Function calling, tool use, and structured outputs are not the same thing

Three LLM mechanisms that look alike but work differently, and why choosing wrong costs you at production scale

By FlowVerify Editorial Team

Three different names, two major providers, one persistent confusion. Most teams building on LLM APIs in 2026 reach for function calling when they need reliable JSON back from a model. It works well enough in testing. At production volume, it becomes the source of intermittent validation failures that are hard to reproduce and expensive to debug.

The terminology does not help. OpenAI shipped 'function calling,' then renamed it to 'tools.' Anthropic calls the same concept 'tool use.' Both providers now support 'structured outputs' as a separate mechanism. Gemini added its own variant. A developer reading the docs could reasonably conclude these are all different names for the same thing.

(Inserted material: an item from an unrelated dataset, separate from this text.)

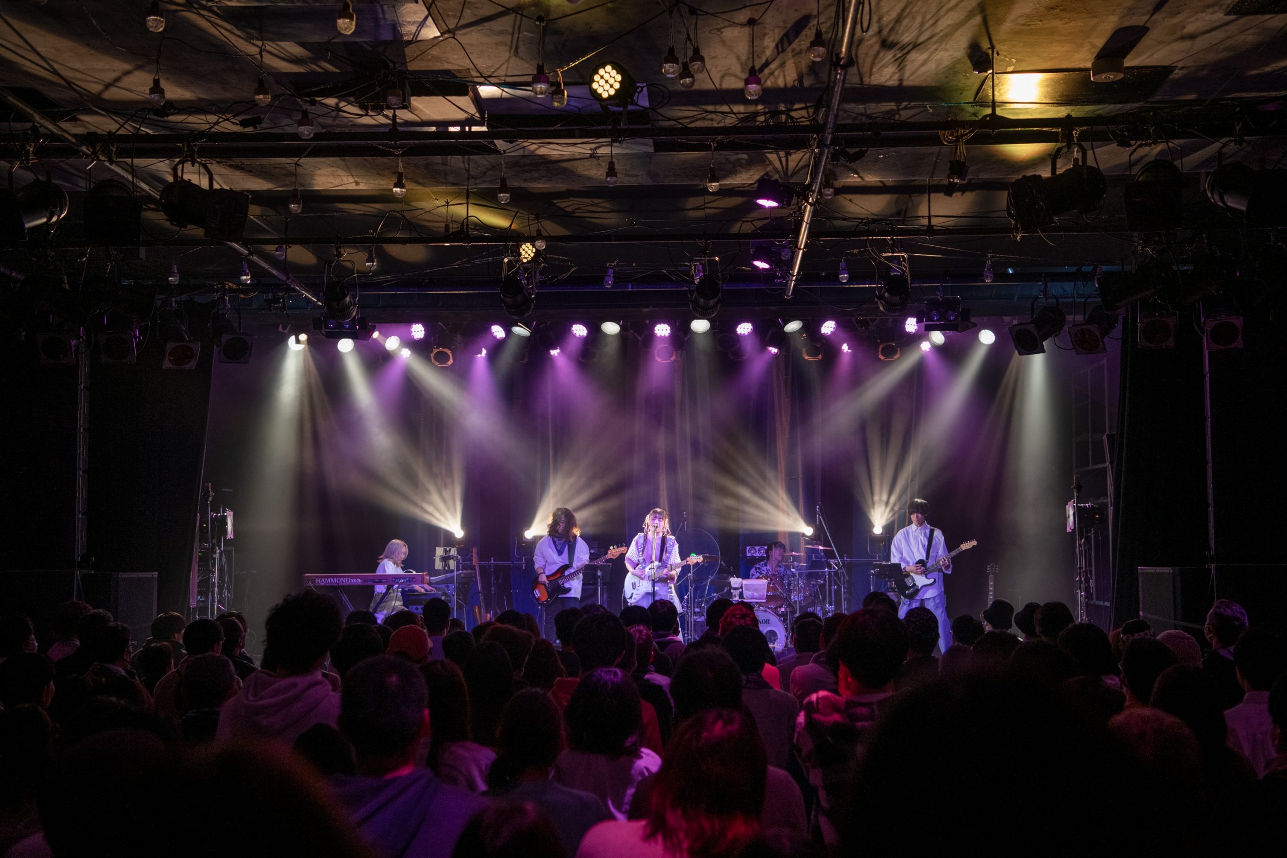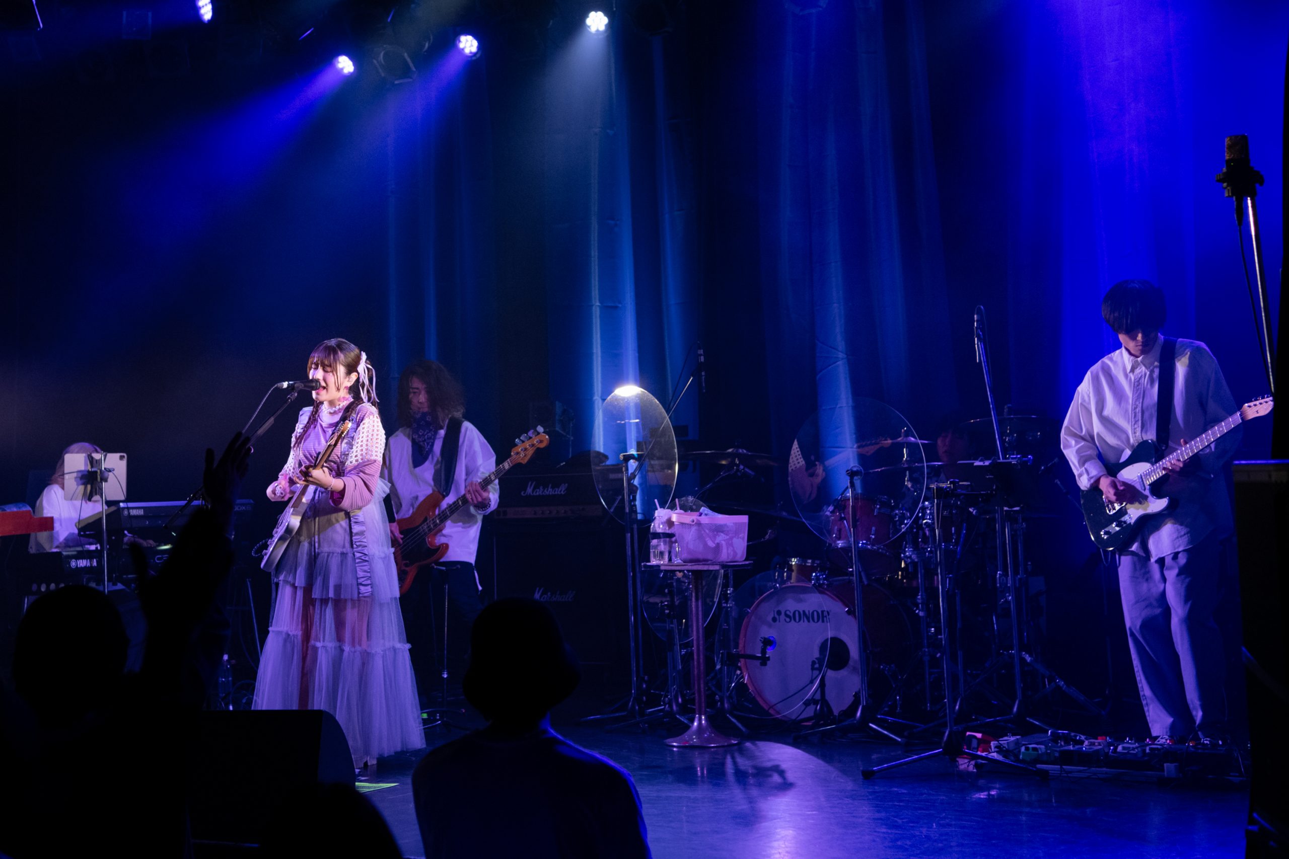 そう言って演奏したのは、昨年1月にリリースされた1stデジタルEP『酸いも甘いも青も春も』より「真白の空」。メランコリックなメロディに乗せて、〈今日という日は永遠に戻ってこない〉〈青春なんて一瞬で終わってしまう〉と歌うストレートな歌詞が心を射抜く。

They are not. The three mechanisms have different internal implementations, different reliability profiles, different latency costs, and different semantic meanings. Picking the wrong one at architecture time creates compounding problems at scale.

Why the confusion exists

Function calling and structured outputs both produce JSON. Both accept a JSON schema to describe the output shape. The API surface looks similar: you pass a schema, you get back structured data. The difference is what happens inside the model.

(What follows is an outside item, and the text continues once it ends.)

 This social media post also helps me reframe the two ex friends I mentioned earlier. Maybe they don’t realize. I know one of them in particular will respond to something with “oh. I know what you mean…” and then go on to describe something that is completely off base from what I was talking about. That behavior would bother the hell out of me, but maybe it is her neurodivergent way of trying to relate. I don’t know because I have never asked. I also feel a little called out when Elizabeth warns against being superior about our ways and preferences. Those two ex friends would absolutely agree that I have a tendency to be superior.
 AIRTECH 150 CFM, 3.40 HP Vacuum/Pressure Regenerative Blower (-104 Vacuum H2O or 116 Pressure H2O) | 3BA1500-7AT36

Structured outputs work through constrained decoding. The model's sampling process is constrained at the token level so it can only produce tokens that are valid continuations of the target schema. Invalid tokens are masked out before sampling occurs. This is enforced at inference time, not learned through training.

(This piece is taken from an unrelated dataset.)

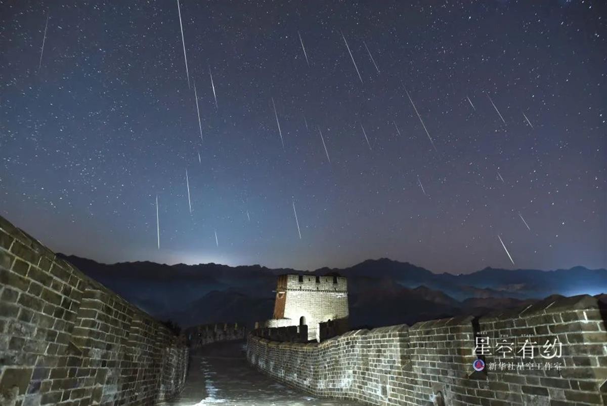 中国天文学会会员、天津市天文学会理事杨婧2021年12月14日在天津市蓟州区黄崖关长城拍摄的双子座流星雨(多张叠加)

Function calling works differently. It is a trained behaviour: the model learned during fine-tuning to produce structured output when given a function schema. There is no token-level enforcement. The model is more likely to produce valid JSON, but it can still hallucinate field names, produce values outside a specified enum, or omit required fields. The schema is a strong prior, not a guarantee.

What function calling actually does

Function calling has one semantic purpose: it lets the model signal that it wants to hand control to external code. The model decides whether to call a function, which function to call, and what arguments to pass. Your application runs the function and optionally returns the result. The model reads that result and decides what to do next.

This is agency. The model is deciding what to do, not just formatting an answer you already know the shape of. That is appropriate when you need a model to choose between multiple tools, decide whether to ask a clarifying question, or sequence a multi-step operation where each step depends on the result of the last.

It is not appropriate when you already know exactly what you want the model to produce and are using function calling purely to get reliable JSON. In that case, you are paying for the agency semantics without getting anything back for the overhead.

Structured outputs: constrained decoding, not a training artefact

OpenAI shipped structured outputs as a distinct mechanism from function calling in mid-2024. Anthropic added native support in early 2026. The mechanism: you pass a JSON schema via a response_format parameter, and the API guarantees the response matches that schema. Not 'usually matches.' Guarantees.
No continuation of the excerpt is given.